10 min readMar 14, 2023

In statistics, a Q–Q plot (quantile-quantile plot) is a probability plot, a graphical method for comparing two probability distributions by plotting their quantiles against each other.
A point (x, y) on the plot corresponds to one of the quantiles of the second distribution (y-coordinate) plotted against the same quantile of the first distribution (x-coordinate).
This defines a parametric curve where the parameter is the index of the quantile interval.

The quantiles of the first data set are plotted against the quantiles of the second data set in a q-q graphic. A quantile is the percentage of points that fall below the specified number. In other words, the 0.3 (or 30%) quantile is the value at which 30% of the data are below it and 70% are above it.

Moreover, a 45-degree reference line is plotted. The points should roughly lie along this reference line if the two sets are drawn from a population with the same distribution. The further the two data sets deviate from this reference line, the more evidence there is that they came from populations with different distributions.

import numpy as np

#create dataset with 100 values that follow a normal distribution
np.random.seed(0)
data = np.random.normal(0,1, 1000)

#view first 10 values
data[:10]array([ 1.76405235,  0.40015721,  0.97873798,  2.2408932 ,  1.86755799,
       -0.97727788,  0.95008842, -0.15135721, -0.10321885,  0.4105985 ])import statsmodels.api as sm
import matplotlib.pyplot as plt

#create Q-Q plot with 45-degree line added to plot
fig = sm.qqplot(data, line='45')
plt.show()

The q-q plot is formed by:

Vertical axis: Estimated quantiles from data set 1
Horizontal axis: Estimated quantiles from data set 2

The units on both axes correspond to the corresponding data sets. The real quantile level is not plotted, in other words. The quantile level for a specific point on the q-q plot is known to be the same for both points, but its precise value is unknown.

The q-q plot is essentially a plot of sorted data set 1 against sorted data set 2 if the data sets are the same size. The quantiles are often chosen to match the sorted values from the smaller data set in cases when the data sets are not equal in size, and the quantiles for the bigger data set are then interpolated.
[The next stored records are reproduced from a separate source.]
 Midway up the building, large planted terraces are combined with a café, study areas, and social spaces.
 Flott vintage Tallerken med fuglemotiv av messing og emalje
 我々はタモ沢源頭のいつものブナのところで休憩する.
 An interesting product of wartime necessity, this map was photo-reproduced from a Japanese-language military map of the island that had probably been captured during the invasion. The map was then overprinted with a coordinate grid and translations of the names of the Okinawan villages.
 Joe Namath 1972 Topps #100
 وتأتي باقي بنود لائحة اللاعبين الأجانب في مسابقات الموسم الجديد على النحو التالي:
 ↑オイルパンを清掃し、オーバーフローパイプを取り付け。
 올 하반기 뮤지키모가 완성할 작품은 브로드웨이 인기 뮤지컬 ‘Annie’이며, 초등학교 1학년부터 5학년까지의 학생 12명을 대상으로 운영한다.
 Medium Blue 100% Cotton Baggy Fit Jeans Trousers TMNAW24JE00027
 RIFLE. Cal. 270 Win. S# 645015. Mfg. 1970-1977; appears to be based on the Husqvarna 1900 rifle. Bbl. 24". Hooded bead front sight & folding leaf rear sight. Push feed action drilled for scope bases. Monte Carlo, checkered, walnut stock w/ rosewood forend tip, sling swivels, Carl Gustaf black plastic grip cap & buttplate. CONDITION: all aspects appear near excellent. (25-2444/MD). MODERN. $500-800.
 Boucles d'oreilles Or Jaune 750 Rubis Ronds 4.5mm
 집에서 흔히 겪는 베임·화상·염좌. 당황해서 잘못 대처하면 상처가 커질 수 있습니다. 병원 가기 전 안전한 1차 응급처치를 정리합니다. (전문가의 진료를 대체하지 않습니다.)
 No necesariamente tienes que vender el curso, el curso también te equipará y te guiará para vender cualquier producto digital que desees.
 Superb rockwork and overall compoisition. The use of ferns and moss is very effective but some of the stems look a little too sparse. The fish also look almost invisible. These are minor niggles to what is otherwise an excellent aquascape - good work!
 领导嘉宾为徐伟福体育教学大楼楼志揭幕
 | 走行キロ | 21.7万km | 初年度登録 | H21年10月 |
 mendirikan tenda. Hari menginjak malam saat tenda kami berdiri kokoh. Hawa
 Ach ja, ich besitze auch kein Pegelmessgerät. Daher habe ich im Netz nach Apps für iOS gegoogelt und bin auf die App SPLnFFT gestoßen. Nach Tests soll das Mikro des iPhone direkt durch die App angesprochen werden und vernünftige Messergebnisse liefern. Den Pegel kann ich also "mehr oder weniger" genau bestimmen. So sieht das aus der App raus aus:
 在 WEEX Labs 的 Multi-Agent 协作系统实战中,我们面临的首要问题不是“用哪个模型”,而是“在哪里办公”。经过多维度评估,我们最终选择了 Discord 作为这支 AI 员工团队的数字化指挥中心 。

The following inquiries are addressed with the q-q plot:

Are there common distributions between the two data sets?
Do the scale and location of two data sets match up?
Do the distributional forms of two data sets compare?
Do the tails of two data sets compare?

Usage of Q-Q plot

Q-Q plots (Quantile-Quantile plots) are a type of graphical technique used to compare two probability distributions. The primary use cases of Q-Q plots are:

Testing for normality:

Q-Q plots are commonly used to test if a dataset follows a normal distribution. If the data points fall close to the straight line on the Q-Q plot, it indicates that the data follows a normal distribution. If the data points deviate from the straight line, it suggests that the data does not follow a normal distribution.

Comparing distributions:

Q-Q plots can be used to compare two distributions to see if they are similar or different. If the two distributions are similar, the Q-Q plot will show the data points falling close to the straight line. If the two distributions are different, the Q-Q plot will show the data points deviating from the straight line.

Identifying outliers:

Q-Q plots can be used to identify outliers in a dataset. Outliers are data points that are significantly different from the other data points in the dataset. These data points will appear as points that deviate from the straight line on the Q-Q plot.

Checking for linearity:

Q-Q plots can be used to check the linearity of a relationship between two variables. If the data points fall close to the straight line on the Q-Q plot, it suggests that the relationship between the two variables is linear.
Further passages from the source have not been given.